Ethereum Price Future With Up 4.5% In 24 Hours | Arabic Bitcoin | Bitcoin news

Ethereum price future with up 4.5% in 24 hours

Ethereum price future
Ethereum price future

Ethereum price future is up 4.5% over the past 24 hours, with a rally to $1,669 as the cryptocurrency market recovers from the weekend sell-off.

Its current price means it has gained 6.5% in a week and 8% in the last 30 days, with the altcoin also up 39.5% since the start of 2023.

And since ETH is perhaps the most intrinsic currency in the market, it has every chance of enjoying further gains as the year progresses.

Indeed, with the upcoming Shanghai Upgrade and with the currency becoming deflationary post-merger, there could be a rush to it in the coming months.

Ethereum Price Future With Up 4.5% in 24 Hours – Where is ETH’s Next Target?

The ETH chart is painting a bullish picture at the moment, as the RSI (purple) has jumped to 60, from the oversold 30 a few days ago.

Source: TradingView
In addition, the currency’s 30-day moving average (red) has begun to rise above the 200-day (blue), indicating the emergence of a new bullish trend.

Of course, it is not clear how long this trend might continue, although if ETH can break the $1,700 resistance, things could continue for a bit longer.

There is a good chance that will happen, given what Ethereum has on the horizon.

As mentioned above, it is currently waiting for the Shanghai Upgrade, which is scheduled for the end of this month or early April.

Shanghai will enable pegged ETH withdrawals.

While some have argued that the update will increase selling pressure, others have suggested that the long-term effect will be to attract more institutions to the Ethereum ecosystem.

The ability to eventually withdraw the ETH stack would be a positive for the coin, as it de-risks the risk for users, assuring them that their funds can be easily withdrawn.

At the same time, Shanghai is also providing the technical foundations for future Ethereum upgrades, including hashing, which will provide massive scalability improvements when it goes live (likely next year).

This is already bullish enough for ETH as it stands, but there are other reasons to be optimistic about the altcoin’s prospects.

First, the currency has become deflationary since last September’s merger, along with the previous EIP 1559 upgrade (which results in fee burn).

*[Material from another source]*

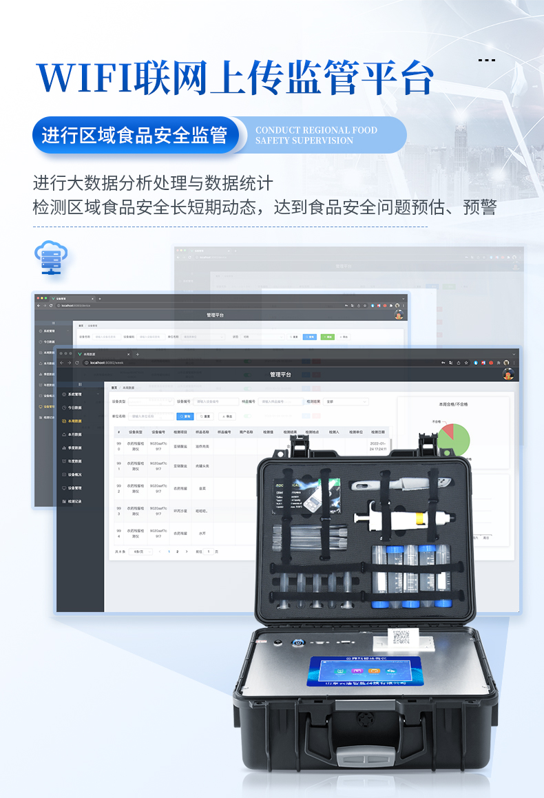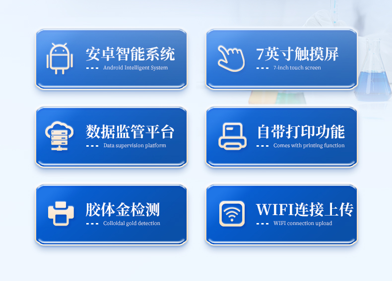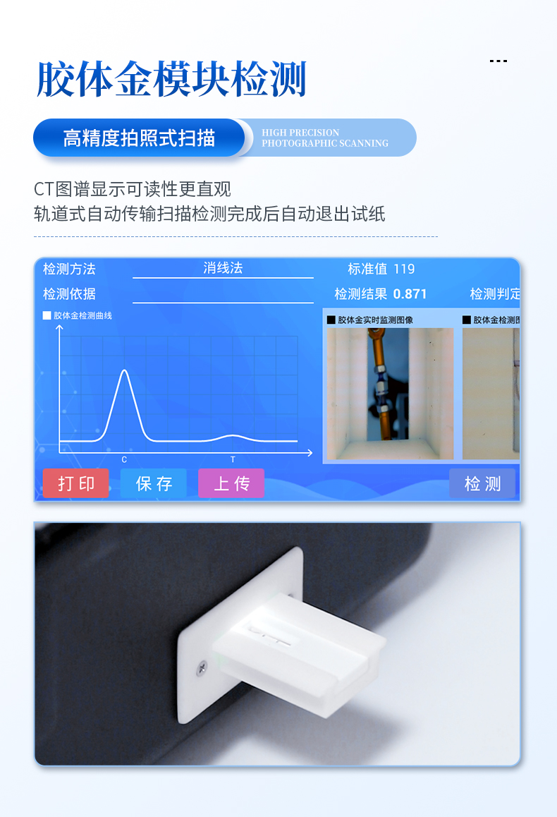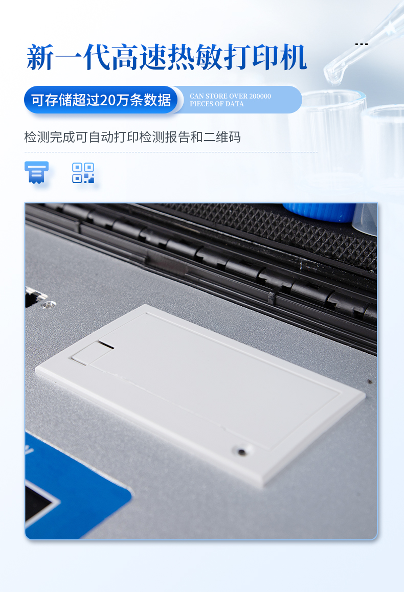 | 安卓智能操作系统,采用更加**和人性化操作,仪器具有网线连接、wifi联网上传、4G无线远传功能,快速上传数据。 | 智能化程度高,仪器具有自检功能:具有开机自检和调零功能,具有自动检测重复性功能。 | 新一代高速热敏打印机,检测完成可自动打印检测报告和二维码。 | 仪器带有监管平台。数据可局域网和互联网数据上传,检测结果直接传至食品安全监管平台。进行区域食品安全监管及大数据分析处理与数据统计,检测区域食品安全长短期动态,达到食品安全问题预估、预警。 | 一体化便携式快检设备,满足现场及流动检测使用需求,能够在同一软件下实现所有检测项目的检测,并可通过同一窗口直观显示检测结果。 | 胶体金模块检测方式:轨道式自动传输扫描,检测完成后自动退出检测卡。 | CT线自动识别,无需手动调整。 | 仪器具有品类多种类样品菜单库,可灵活选择检测样品,不同的检测通道可同时检测不同的样品项目。 | 样品处理简单省力,整体操作快速、安全、便捷。 | 仪器具有自身保护功能,可设置用户名及密码,防止非工作人员操作等。 | 高灵敏度,高检测精度,高重复性精度,扫描式高精度光学传感器。 | 内置强大的数据库,可在仪器上直接选择样品名称、检测指标、送检单位等信息,也可在仪器上直接编辑录入样品名称、检测指标、送检单位等信息并保存进样品数据库。 | 仪器具有重新校准、锁定、恢复出厂设置功能。 | 支持U盘存储。 结果判定线可修改,对照值标定值可保存,断电不丢失数据。 | 兼容市场上所有的胶体金卡,使用耗材不受限制,极大增强用户使用体验。 |

In fact, ETH now tends to become deflationary during peak traffic periods, in that it often burns more tokens than it generates.

This strengthens the bull case for ETH, as does the recent adoption news.

Most notably, last month Coinbase announced that it had launched its own side chain on the second layer of Ethereum, dubbed Base.

The catch is that Coinbase aims to use Base to “attach 1B+ users to the crypto economy.” In other words, it aims to include 1B+ users in the Ethereum economy.

This could lead to an increase in the use of Ethereum and ETH over time, amplifying the deflationary effects mentioned above, as well as increasing the demand for ETH in general.

Other positive news for Ethereum includes Visa’s February announcement that it is testing stable USDC payments on the Ethereum blockchain.

Looking at the Coinbase news, this indicates that most major companies will end up choosing Ethereum if they decide to use a public blockchain without permission.

As such, the market can expect ETH to rise steadily throughout the year, even if the next month or so could be rocky due to the unfolding banking crisis.

However, once ETH breaks above $1,700, it could end up reaching $2,000 by the second half of the year before rising to $2,500 by the beginning of 2024.